RECORDS FOR THE EXERCISE:
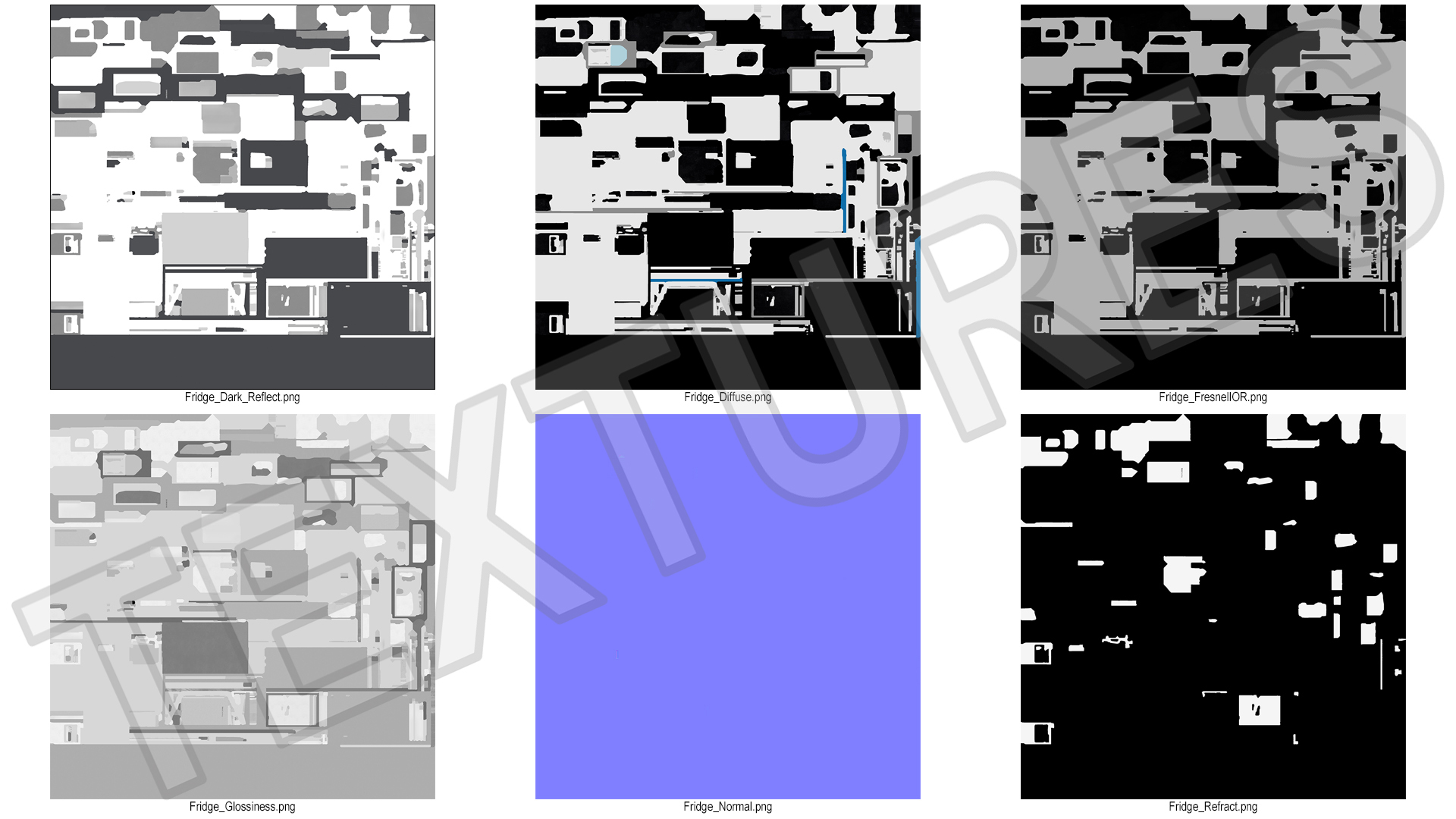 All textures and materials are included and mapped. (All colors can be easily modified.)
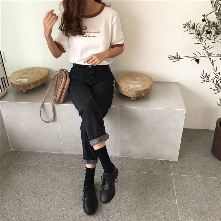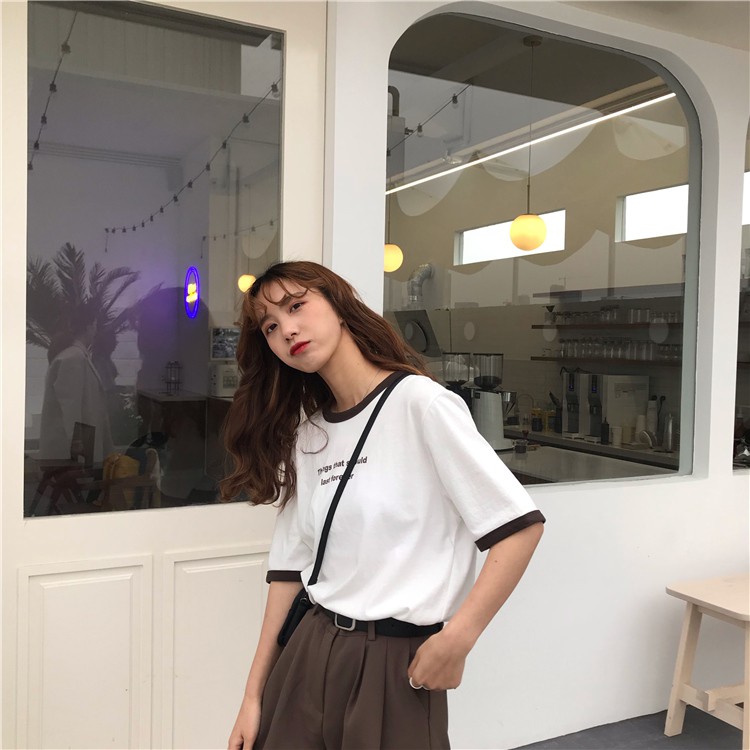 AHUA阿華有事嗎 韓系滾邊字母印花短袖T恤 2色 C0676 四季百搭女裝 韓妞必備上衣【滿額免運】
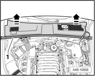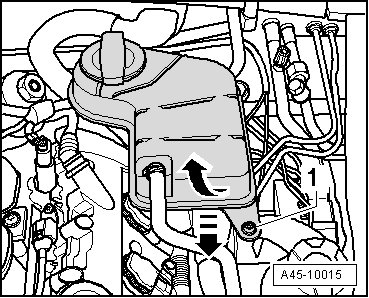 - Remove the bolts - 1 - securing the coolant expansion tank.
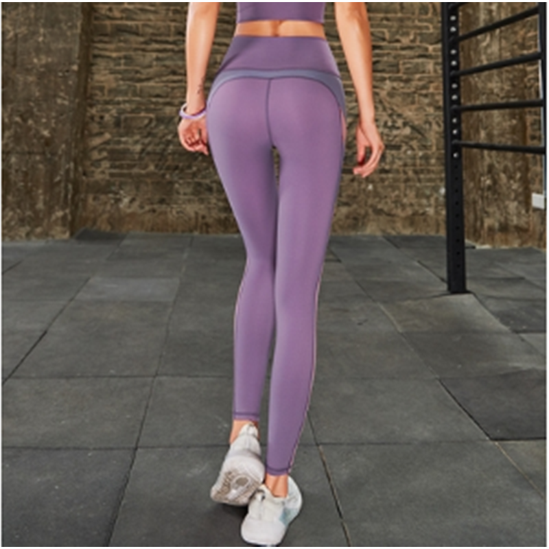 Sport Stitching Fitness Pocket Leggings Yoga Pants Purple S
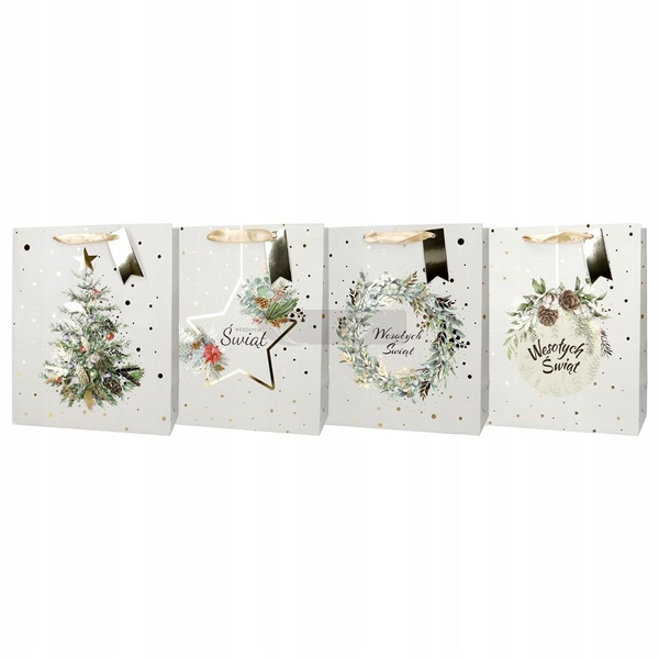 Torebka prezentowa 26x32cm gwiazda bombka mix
* * *
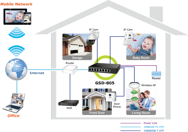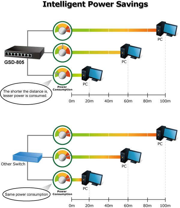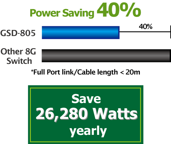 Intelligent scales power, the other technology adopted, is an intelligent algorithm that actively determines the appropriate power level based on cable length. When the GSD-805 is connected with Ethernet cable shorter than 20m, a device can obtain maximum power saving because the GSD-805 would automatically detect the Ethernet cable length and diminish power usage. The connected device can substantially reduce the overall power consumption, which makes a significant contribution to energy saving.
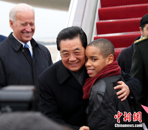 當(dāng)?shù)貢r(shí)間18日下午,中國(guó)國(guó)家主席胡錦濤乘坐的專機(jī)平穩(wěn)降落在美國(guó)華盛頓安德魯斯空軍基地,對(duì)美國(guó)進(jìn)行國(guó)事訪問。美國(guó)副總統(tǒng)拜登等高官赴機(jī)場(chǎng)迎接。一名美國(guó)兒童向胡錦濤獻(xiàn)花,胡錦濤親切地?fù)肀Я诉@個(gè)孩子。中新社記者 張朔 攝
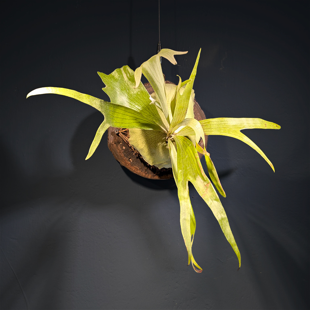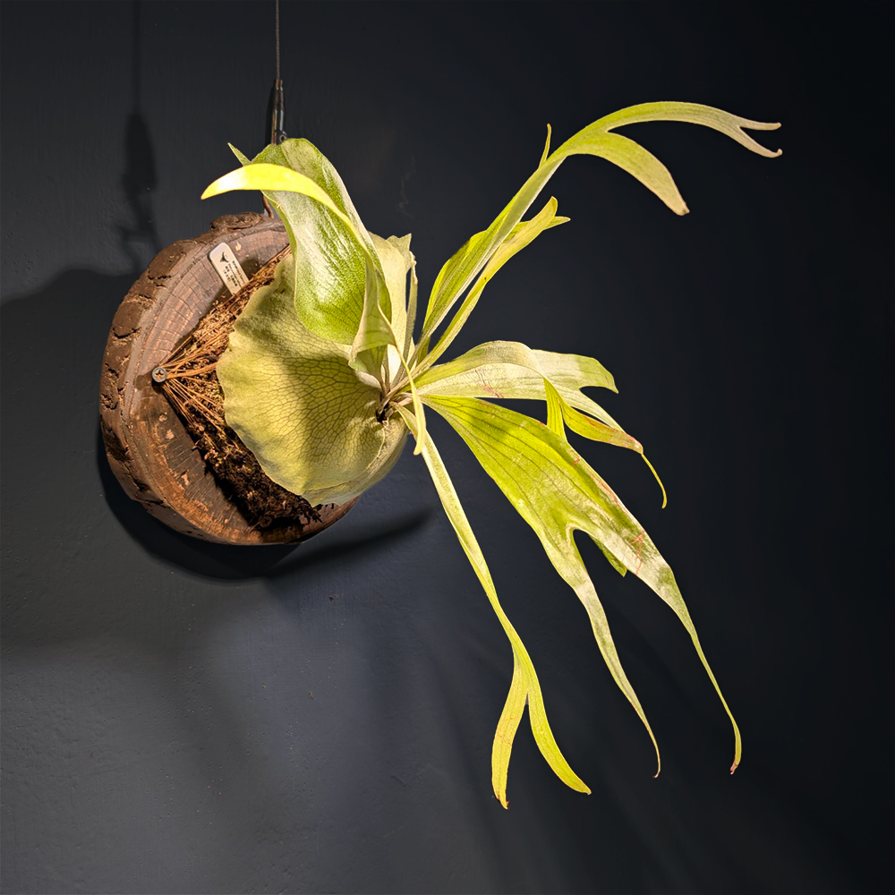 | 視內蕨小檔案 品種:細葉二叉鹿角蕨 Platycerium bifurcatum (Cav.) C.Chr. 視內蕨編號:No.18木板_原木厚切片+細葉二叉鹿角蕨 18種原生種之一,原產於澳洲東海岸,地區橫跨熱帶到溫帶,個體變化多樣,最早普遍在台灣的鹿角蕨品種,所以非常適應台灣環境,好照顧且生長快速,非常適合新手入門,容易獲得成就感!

EXERCISE DIRECTIONS: Your reply should consist solely of the lines above from the line containing "AHUA阿華有事嗎 韓系滾邊字母印花短袖T恤 2色" up to and including the line containing "Torebka prezentowa 26x32cm", reproduced exactly, minus the pictures.

COMPLETED TASK:
 AHUA阿華有事嗎 韓系滾邊字母印花短袖T恤 2色 C0676 四季百搭女裝 韓妞必備上衣【滿額免運】
 - Remove the bolts - 1 - securing the coolant expansion tank.
 Sport Stitching Fitness Pocket Leggings Yoga Pants Purple S
 Torebka prezentowa 26x32cm gwiazda bombka mix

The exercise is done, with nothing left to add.